**EXERCISE INPUTS:**
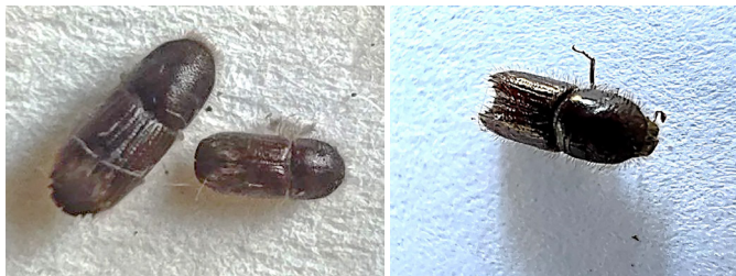
Figure 6. Entomocomplex of spruce stands

bark beetle Ips typographus L., spruce wood engraver Pityogenes chalcographus L., synanthropic species Palorus depressus Fabricius, and entomophagous Thanasimus formicarius . Among them, the largest number of individuals was the European spruce bark beetle. During the entire period of observations of the traps, the capture of an adult European spruce bark beetle in the amount of 10-15 individuals per trap and synanthropic species Palorus depressus was recorded singly. Some species of predatory entomophagous, in particular ant beetle Thanasimus formicarius L., fell into the traps, and one of the traps contained the tanner beetle Prionus coriarius L., but their number was small and did not exceed one individual per trap during the ten-day catch period (Fig. 6).
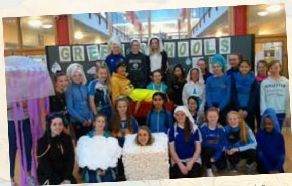
Well done to students from Loreto Secondary School in Clonmel, Co. Tipperary who raised funds on behalf of Bóthar. Serious effort from all involved. On behalf of the families you helped with your efforts, thank you.

Each school will receive a certificate that can be hung on the school notice board to highlight their efforts!
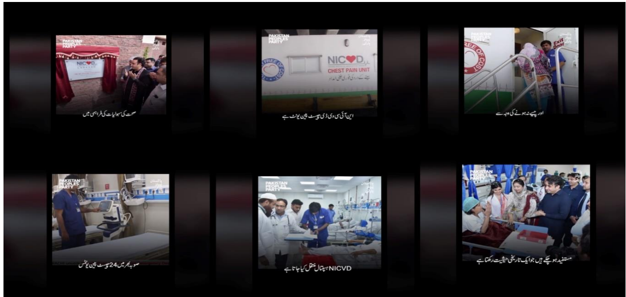
Figure 4: "NICVD Achievements - #ppp #Asifzardari #bilawalbhuto"

Reel No. 1, uploaded on the official PPP account (PPPOFFICIALPK), and titled "NICVD Achievements - #ppp #Asifzardari #bilawalbhuto," presents a narrative focused on the healthcare achievements under the administration of the Sindh government, particularly emphasizing the contributions of the Pakistan People's Party (PPP) (figure 4). The reel, with 3,282 views, 257 likes, and 6 comments, reflects a modest level of engagement, indicating a specific audience interest in the topic.
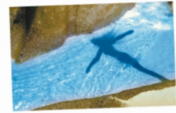
The art of imitating palm trees
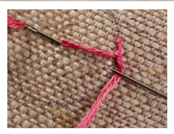
9 Repeat Step 7 to form the second stitch. Decide at the start whether to work the stitches so close together that the circle appears solid, or spaced closely or far apart.
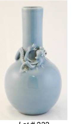
Lot # 233 233 Chinese Qing Claire de lune bottle vase, 9". $500 - $750

Lot # 231 231 19th C. carved walnut sideboard. $500 - $1,000 232 Asian carpet approx. 16' x 11'5". $300 - $600
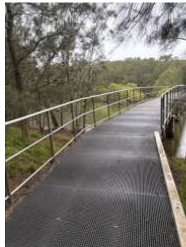
Kodak beside the Puckley's
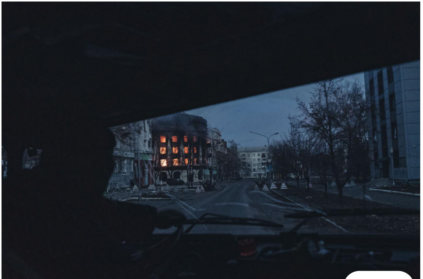
A view of a building destroyed by Russian shelling in the center of Bakhmut, Donetsk Oblast, on February 4, 2023
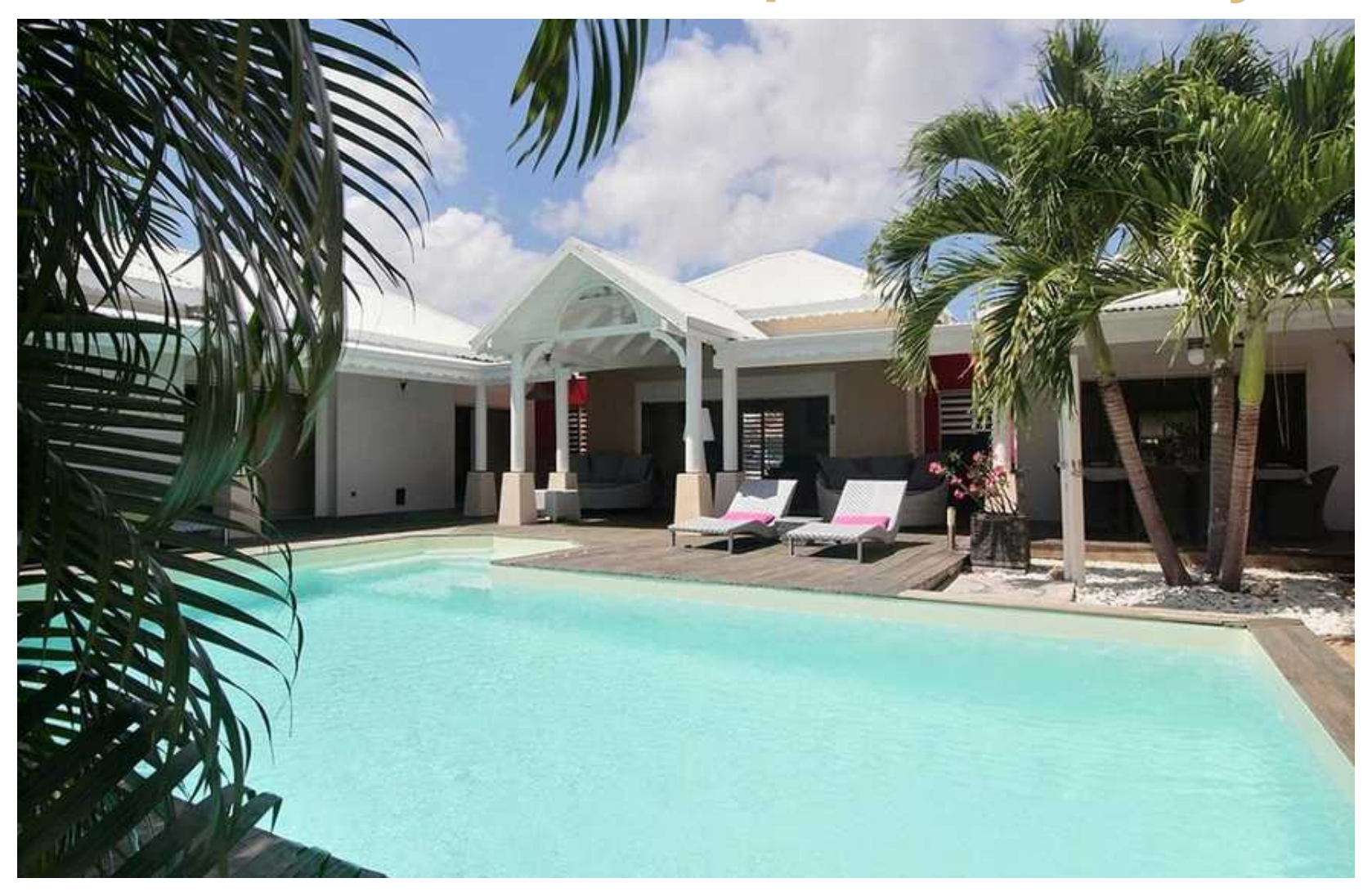
From 308.57 € / night - 4 bedroom(s) - 3 bathroom(s)
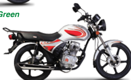
Fireball Silver with Red
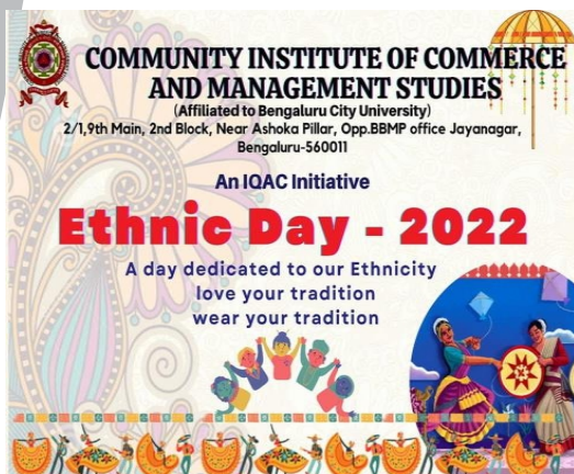
Myriads of Culture on Ethnic Day
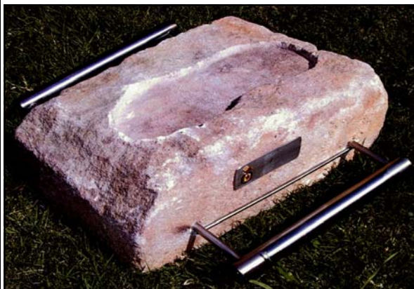
The Society’s Installation stone, created from the rear of the ground floor keystone of “Linden”, the former home of the First Chief of the then South Australian Caledonian Society

right foot placed in a carved footprint, usually on top of a promontory or similar. There are several of these carved footprints still visible in Scotland today.

**WHAT TO WORK ON:**
Lines holding the word "efforts" in the entries above are the ones to pull out. Copy them all.

**SOLUTION TO THE EXERCISE:**
Well done to students from Loreto Secondary School in Clonmel, Co. Tipperary who raised funds on behalf of Bóthar. Serious effort from all involved. On behalf of the families you helped with your efforts, thank you.
Each school will receive a certificate that can be hung on the school notice board to highlight their efforts!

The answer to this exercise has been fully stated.